From the genetic side, giftedness in cognitive development is the result of contribution of many common genetic variants of small effect size, so called polygenicity (Spain a al., 2016). From the environmental side, educationalists have argued for the importance of the environment for sustaining early potential in children, showing that bright poor children are held back in their subsequent development (Feinstein, 2003a). Such correlational data need to be complemented by mechanistic models showing how gifted development results from the respective genetic and environmental influences. A neurocomputational model of cognitive development is presented, using artificial neural networks to simulate the development of a population of children. Variability was produced by many small differences in neurocomputational parameters each influenced by multiple artificial genes, instantiating a polygenic model, and by variations in the level of stimulation from the environment. The simulations captured several key empirical phenomena, including the non-linearly of developmental trajectories, asymmetries in the characteristics of the upper and lower tails of the population distribution, and the potential of poor environments to hold back bright children. M a computational level, 'gifted' networks tended to have higher capacity, higher plasticity, less noisy neural processing, a lower impact of regressive events, and a richer environment. However, individual instances presented heterogeneous contributions of these neurocomputational factors, suggesting giftedness has diverse causes.

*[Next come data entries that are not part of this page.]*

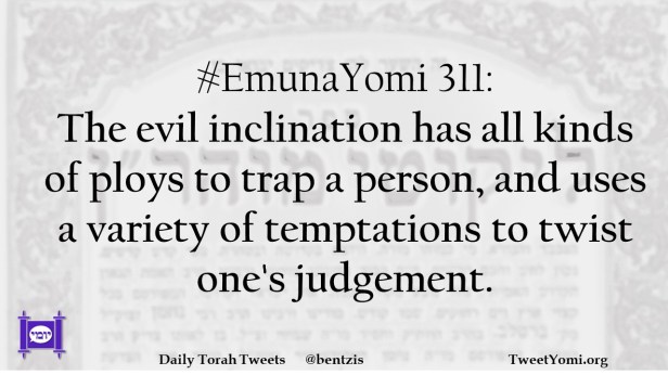 #EmunaYomi 311: The evil inclination has all kinds of ploys to trap a person, and uses a variety of temptations to twist one’s judgement.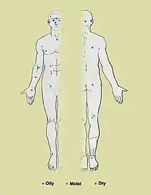 皮肤有三个主要的生态区:皮脂腺、湿润和干燥。丙酸杆菌和葡萄球菌是皮脂腺区的主要菌种。在身体潮湿的地方,棒状杆菌和葡萄球菌占主导地位。而在身体干燥的地方存在多种物种,但β-变形菌和黄杆菌占主导地位。在生态学上,皮脂腺区域的物种丰富度高于潮湿和干燥区域。人与人之间物种相似度最低的区域是手指间隙、脚趾间隙、腋窝和脐带残端。而最相似的是鼻孔旁边、鼻孔内部和背部。[1]
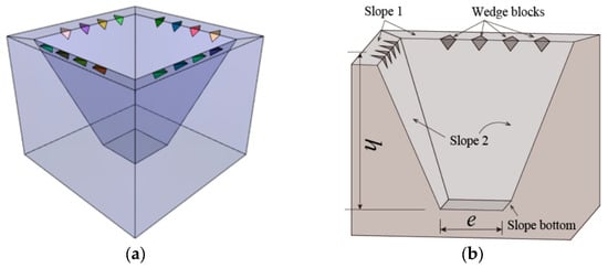 The 3D DDA ideal model of an open pit undergoing wedge failure. (a) The 3D DDA model; (b) half of the wedge failure model.

机译:从遗传方面,认知发展的天才是许多常见遗传变异的贡献的结果,所谓的多种子质(西班牙A Al。,2016)。从环境方面,教育家们认为环境对儿童早期潜力的重要性,表明明亮的贫困儿童被留在其随后的发展中(Feinstein,2003A)。这种相关数据需要由机械模型互补,显示有天然的发展如何从各自的遗传和环境影响方面产生。提出了一种认知发展的神经计算机模型,利用人工神经网络来模拟群体的发展。通过多种人工基因的诸如多种人造基因的许多小差异产生的变异性,实例化多种子型模型,并通过环境的刺激水平的变化。仿真捕获了几个关键的经验现象,包括发展轨迹的非线性,在人口分布的上下尾部的特征中的不对称,以及贫困环境的潜力,以阻止亮的孩子。 M一个计算层面,“天赋”网络倾向于具有更高的容量,更高的可塑性,噪音较小的神经处理,较低的回归事件的影响,以及更丰富的环境。然而,个别实例呈现了这些神经检查因素的异质贡献,建议天才具有多种原因。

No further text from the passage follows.